梁颂瑄心中暗叫不妙。她本想恐吓汪逸澜就范,好送自己与姐姐脱离醉花楼,再谋为父翻案之事。可杜熙微骤然闯入,全然打乱了她的计划。
此刻,她深深地看了杜熙微一眼,握剑之手微微一滞。烛火跳动,映着她眉梢眼角的不甘。
可再不甘,她也知道局势于己不利。嬷嬷们已将她包围,无路可退。她闭上眼,强压住心中愤懑。再度睁眼时,眼里只剩落寞。
梁颂瑄缓缓垂剑,准备就范。
缩在角落的汪逸澜觉得大势已定,抚掌大笑道:“哈哈哈,梁颂瑄你也不过如此嘛!还敢在本公子面前耍剑?”
他从暗处踉跄而出,衣襟还沾着酒渍,“今时不同往日,你以为还能像从前那般肆意妄为?不过是个任人拿捏的贱奴,一条落魄的丧家之犬!”
“你知道你老爹怎么死的吗?我告诉你!正是被你外祖父一杯毒酒送上了西天!你还指望他为梁家翻案?可笑至极!”
说罢,他抹了抹额角的血,一副大仇得报的快意。
梁颂瑄只觉五雷轰顶,脑中一片空白。她本坚信父亲冤屈,将翻案希望寄托于外祖父。可此刻汪逸澜这番话,却将她最后的希望敲得粉碎。
仇恨与愤怒瞬间吞噬她最后的理智。
剑光倏地暴起!梁颂瑄双目赤红:“胡说八道!拿命来!”
剑锋急转眼看就要直取汪逸澜咽喉,惊得他扑倒在地。
杜熙微脸色骤变,竟挡在汪逸澜身前。梁颂瑄来不及收剑,剑尖便堪堪抵住她咽喉,寒芒映出两人面容。
梁颂瑄手腕一痛,垂眸一看竟是杜熙微用尖利的指甲掐进她皮肉。
“你死了,梁颂琬怎么办?”杜熙微声音发颤,却昂头道:“你若杀了他,便是与汪家为敌!你若是一心赴死我不拦着,可你有没有想过你姐姐?”
她瞥了一眼抱头滚至案底的汪逸澜,“他死了,汪家定不会善罢甘休,你们都得陪葬!这是你想要的?”
阿姊!梁颂瑄恍惚忆起昨夜噩梦中,姐姐抚着她额发:“阿瑄莫怕,咱们只要活着就好,活着一切就有转机……”
她腕骨剧颤,剑锋忽地低垂三寸。是啊,还有阿姊……
汪逸澜躲在杜熙微身后,双腿发软却尖声叫嚷:“杜七,快拿下这疯女人!她竟敢伤我,我要她死!”

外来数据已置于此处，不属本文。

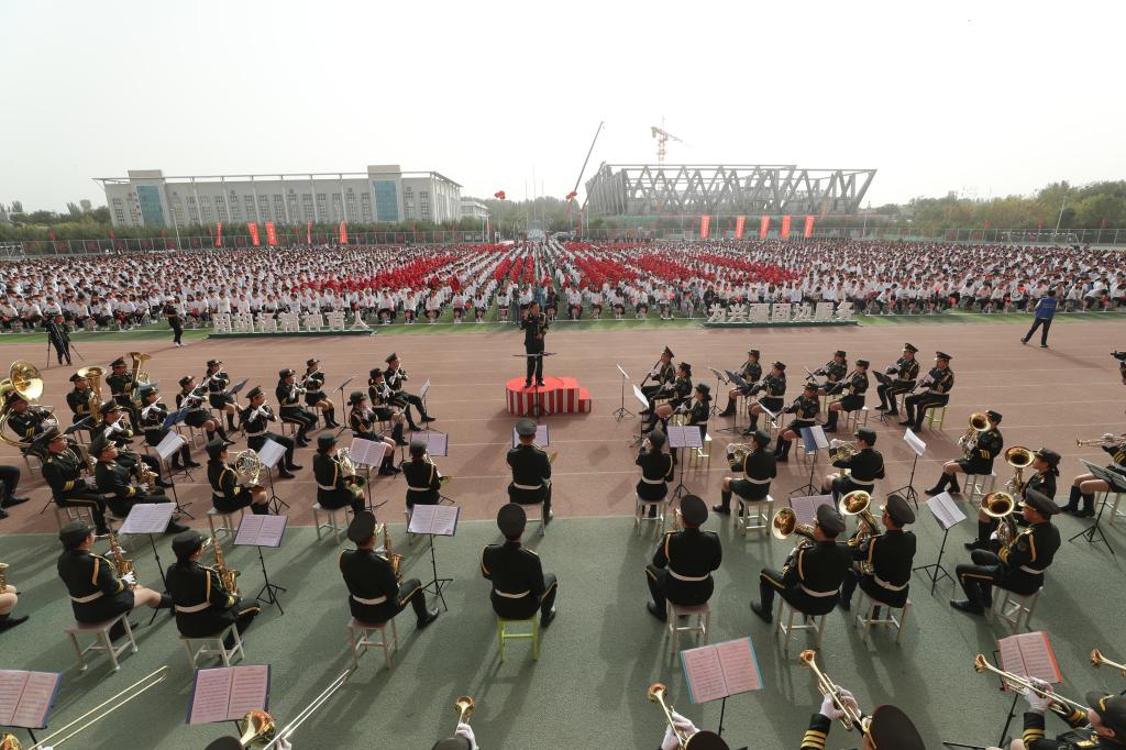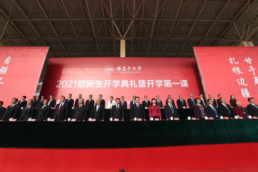 伴随着校歌《光荣塔大》,各学院学生代表走在排头,高举旗帜,迎风飘扬。校领导为新生代表佩戴校徽,学生代表献词《我的名字叫胡杨》。
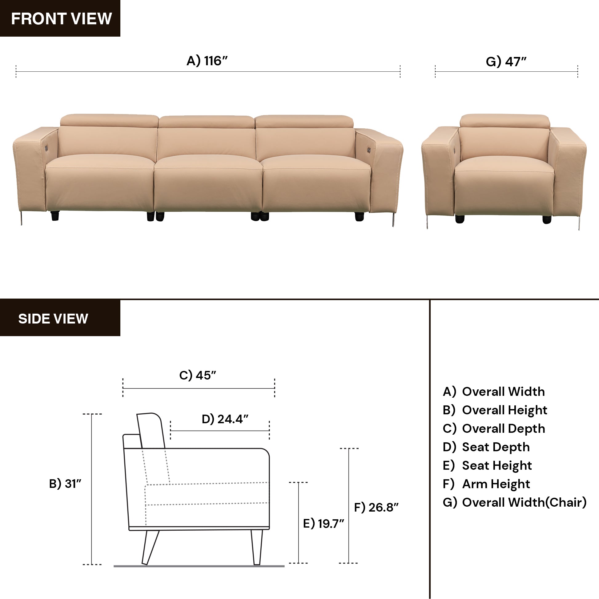 Sleek metal legs add a modern touch, and built-in USB charging ports keep devices powered as you lounge. Perfect for family rooms, media spaces, or upscale living areas, Prestigio combines Italian-inspired design with high-tech convenience. Its plush padded arms, refined stitching, and superior craftsmanship make it as stylish as it is functional. Whether enjoying a movie night or entertaining guests, this sofa offers a seamless blend of elegance, comfort, and durability, built to elevate your lifestyle.
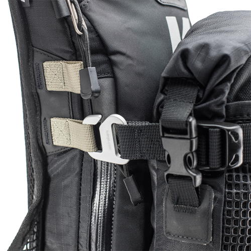 Incorpora el sistema de arnés Quagloc-lite de Kriega, orientado hacia la parte exterior de las axilas proporcionando total libertad de movimientos. Una correa de ajuste opcional en cintura aporta una mayor estabilidad de la mochila en condiciones de conducción extrema.
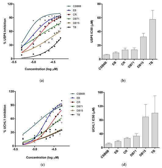 In order to establish structure–activity relationships within this class of compounds, dissociation constants (Kd) for the binding affinity between each compound and ubiquitin, and half maximal inhibitory concentration (IC50) values against two DUBs, USP5 specific for unanchored polyubiquitin chains [36] and ubiquitin c-terminal hydrolase L1 (UCHL-1) specific for processing of ubiquitin precursors, [37] were measured. Thus, in the intrinsic fluorescence quenching assay, EB, CR, and DB71 showed binding affinities similar to that of CSB6B, whereas DB15 and TB showed substantially lower binding affinities (Figure 2b and Table 1). Consistent with this result, EB, CR, and DB71 showed considerably lower IC50 values against the activity of both USP5 (Figure S1a, Figure 3a,b and Table 2) and UCHL1 (Figure S1b, Figure 3c,d and Table 2) on the GST-Ubiquitin-HA, compared to that of DB15 and TB.
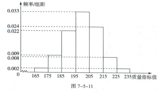 例2 [全国Ⅰ卷]从某企业生产的某种产品中抽取500件,测量这些产品的一项质量指标值,由测量结果得如图7-5-11所示的频率分布直方图.
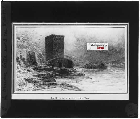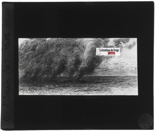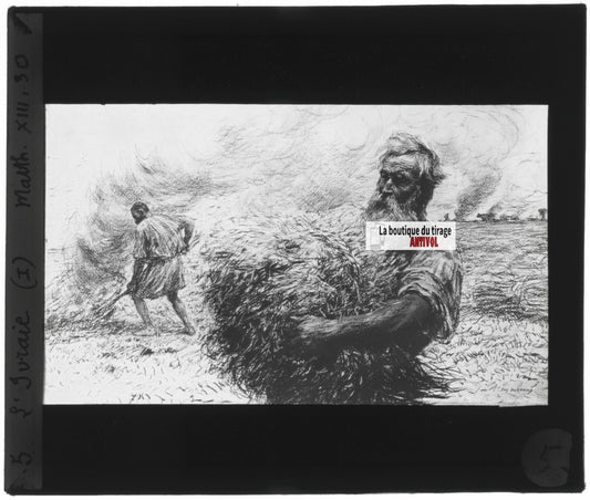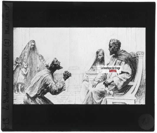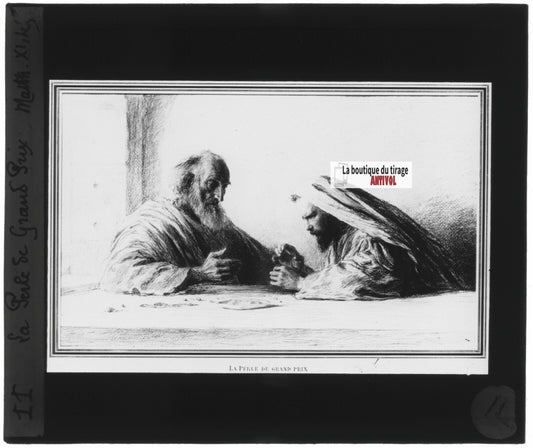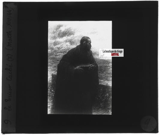 Matthieu, scène religieuse, dessin peinture plaque de verre, positif 8,5x10 cm

杜熙微置若罔闻,只紧紧盯着梁颂瑄:“放下剑,我保你周全。莫要冲动毁了你们姐妹生路!你若杀他,一切都完了!”
青锋不知何时脱了手,当啷砸在地面上发出一声悲鸣。
梁颂瑄跌坐在地,泪水在衣襟上洇出暗色水痕。她眼角猩红,死死地盯着汪逸澜,恨不得将他扒皮抽筋。

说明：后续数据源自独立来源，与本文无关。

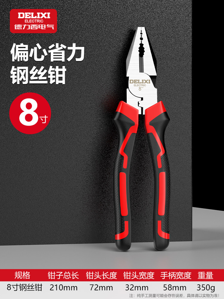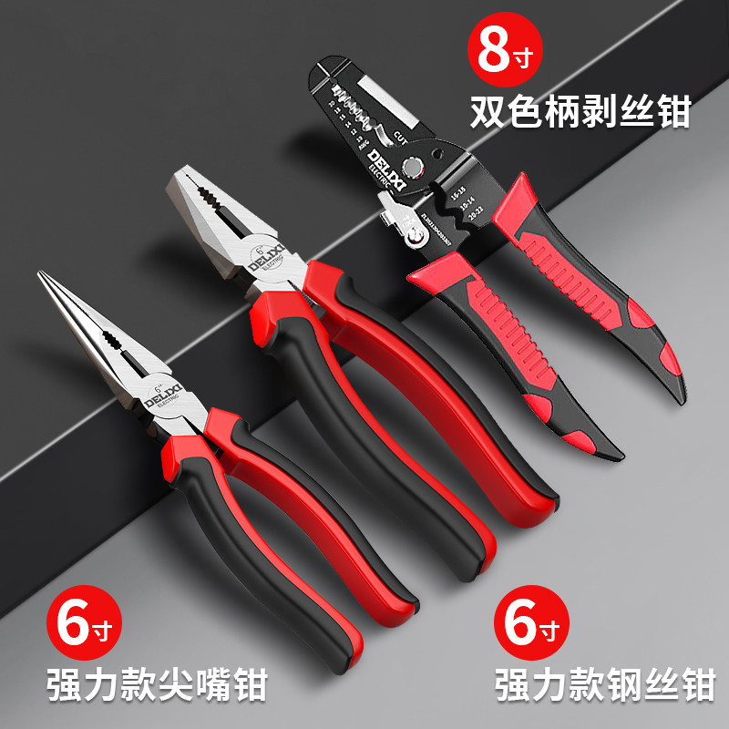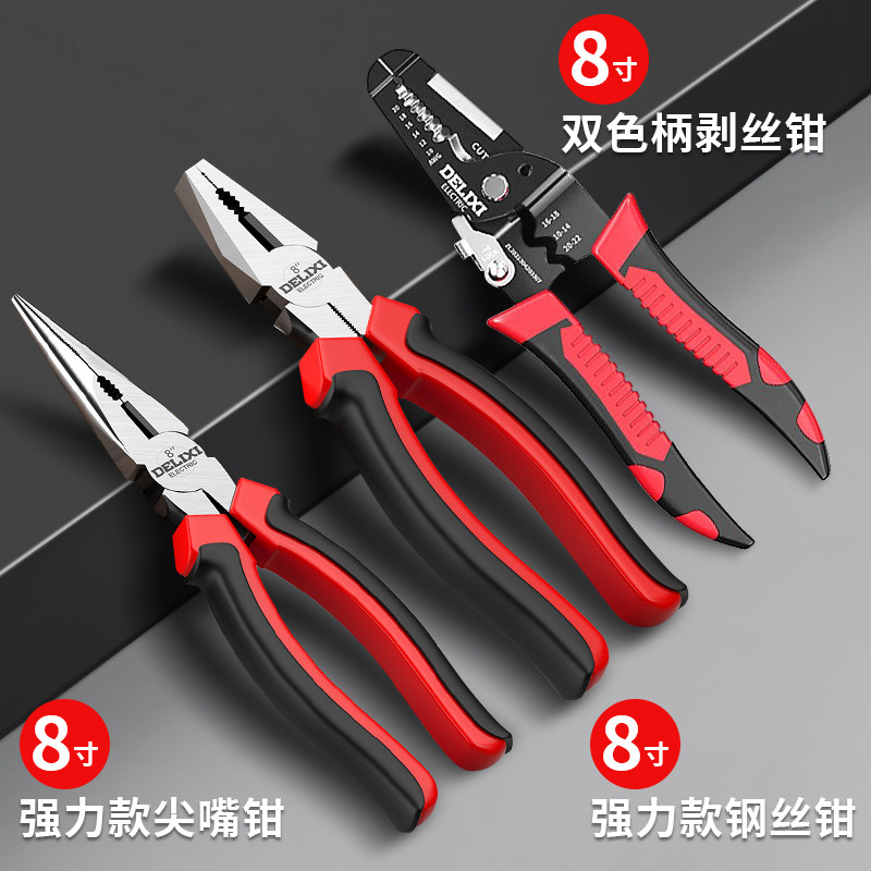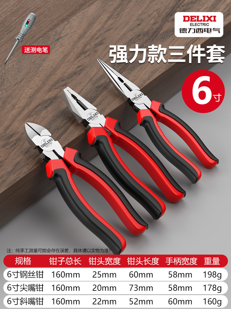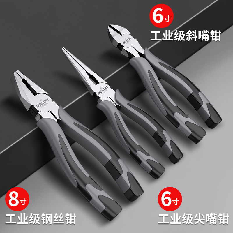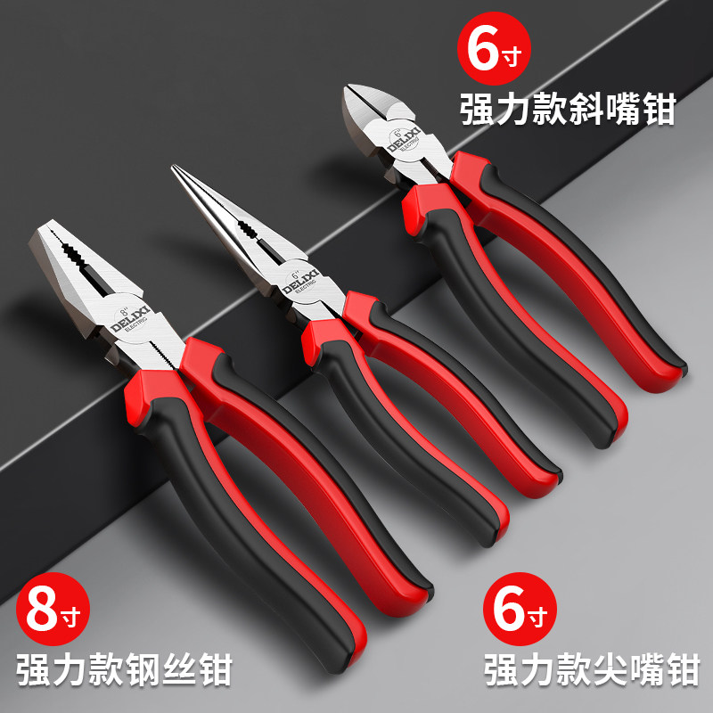 德力西电气老虎钳子钢丝尖嘴钳多功能家用工具大全电工专用斜口钳

杜熙微拢了拢狐裘,手指发颤。再开口时,她语气已恢复了淡漠:“今日之事到此为止,莫要再提。孙嬷嬷,送汪公子回府。”
汪逸澜面色骤变,指着杜熙微厉声道:“杜熙微!你答应过……”
杜熙微却看也不看他:“汪公子,为你我已多次破过醉花楼规矩。如今弄成这样,还好意思和我谈约定?”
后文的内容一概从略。